** Dataset records **
○ ○ ○ ○

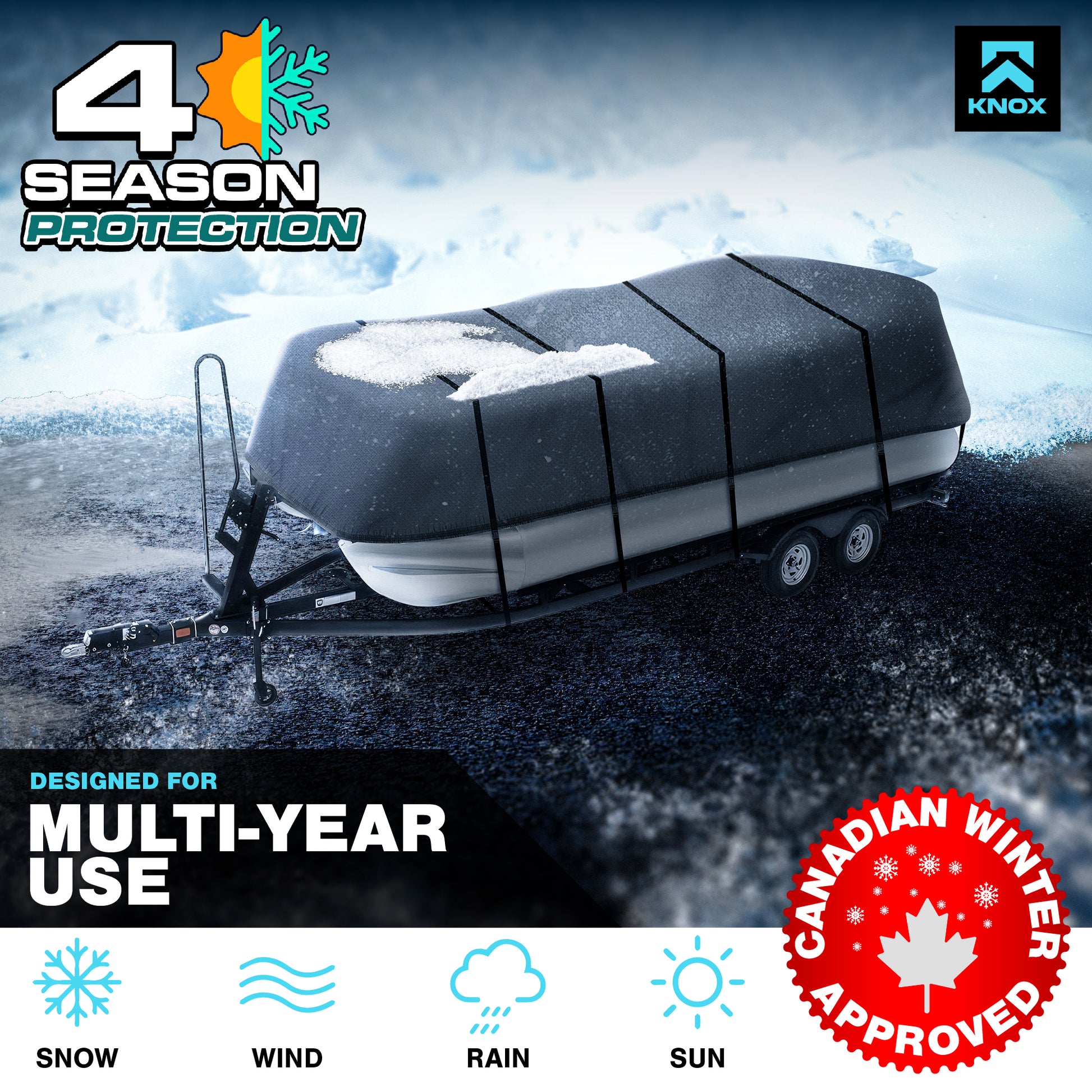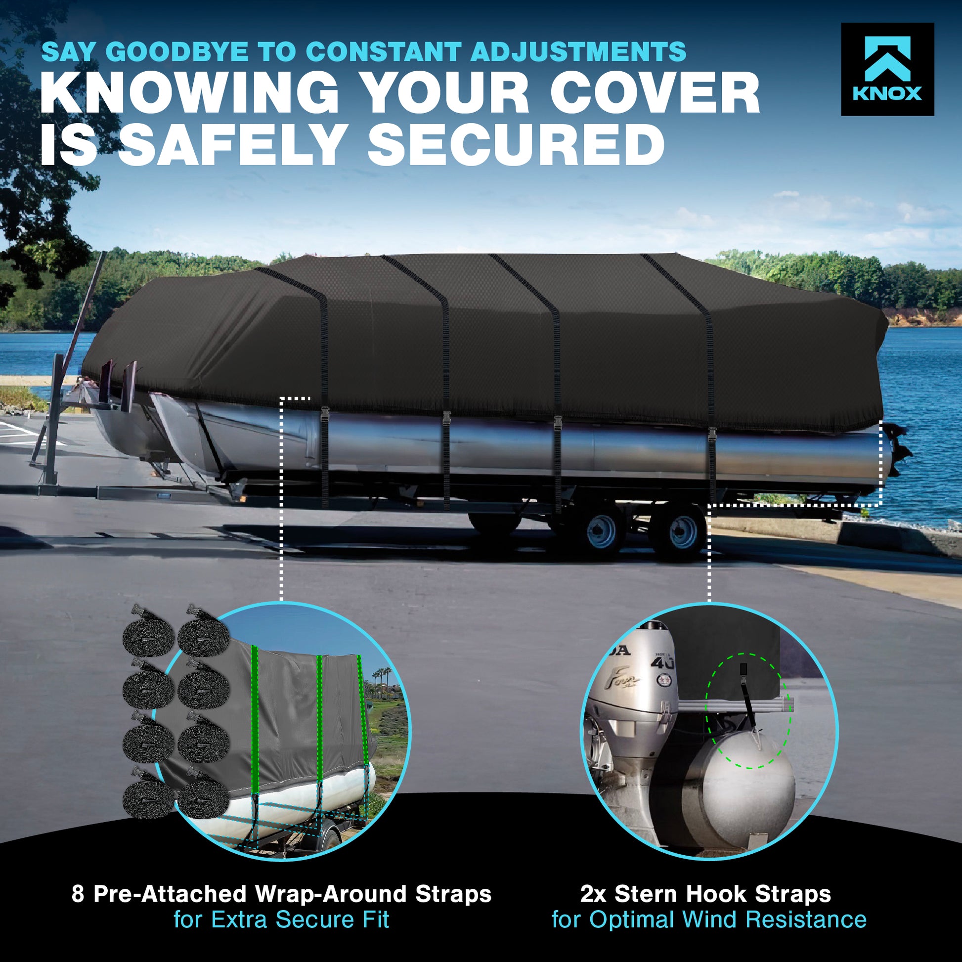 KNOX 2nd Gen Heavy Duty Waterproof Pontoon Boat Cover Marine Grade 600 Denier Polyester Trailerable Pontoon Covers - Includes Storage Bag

○ ○ ○ ○

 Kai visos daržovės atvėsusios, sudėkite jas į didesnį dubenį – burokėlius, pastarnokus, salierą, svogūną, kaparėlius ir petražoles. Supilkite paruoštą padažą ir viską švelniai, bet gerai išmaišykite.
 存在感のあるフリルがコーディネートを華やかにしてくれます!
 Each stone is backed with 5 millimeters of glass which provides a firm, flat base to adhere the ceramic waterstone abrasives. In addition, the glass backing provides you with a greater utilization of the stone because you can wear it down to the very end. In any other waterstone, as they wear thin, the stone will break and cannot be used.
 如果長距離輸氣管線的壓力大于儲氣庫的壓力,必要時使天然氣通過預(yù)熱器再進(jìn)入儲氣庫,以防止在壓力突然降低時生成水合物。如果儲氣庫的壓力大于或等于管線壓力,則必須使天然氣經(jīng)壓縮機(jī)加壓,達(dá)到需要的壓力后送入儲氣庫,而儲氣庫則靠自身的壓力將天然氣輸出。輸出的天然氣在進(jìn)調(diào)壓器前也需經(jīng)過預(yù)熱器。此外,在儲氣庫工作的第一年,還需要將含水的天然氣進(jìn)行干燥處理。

○ ○ ○ ○

** Work request **
Copy the lines above exactly, beginning at the line that has "Kai visos daržovės" and stopping after the line that has "存在感のあるフリルがコーディネートを華やかにしてくれます!", and omit the rest.

** Output for this task **
 Kai visos daržovės atvėsusios, sudėkite jas į didesnį dubenį – burokėlius, pastarnokus, salierą, svogūną, kaparėlius ir petražoles. Supilkite paruoštą padažą ir viską švelniai, bet gerai išmaišykite.
 存在感のあるフリルがコーディネートを華やかにしてくれます!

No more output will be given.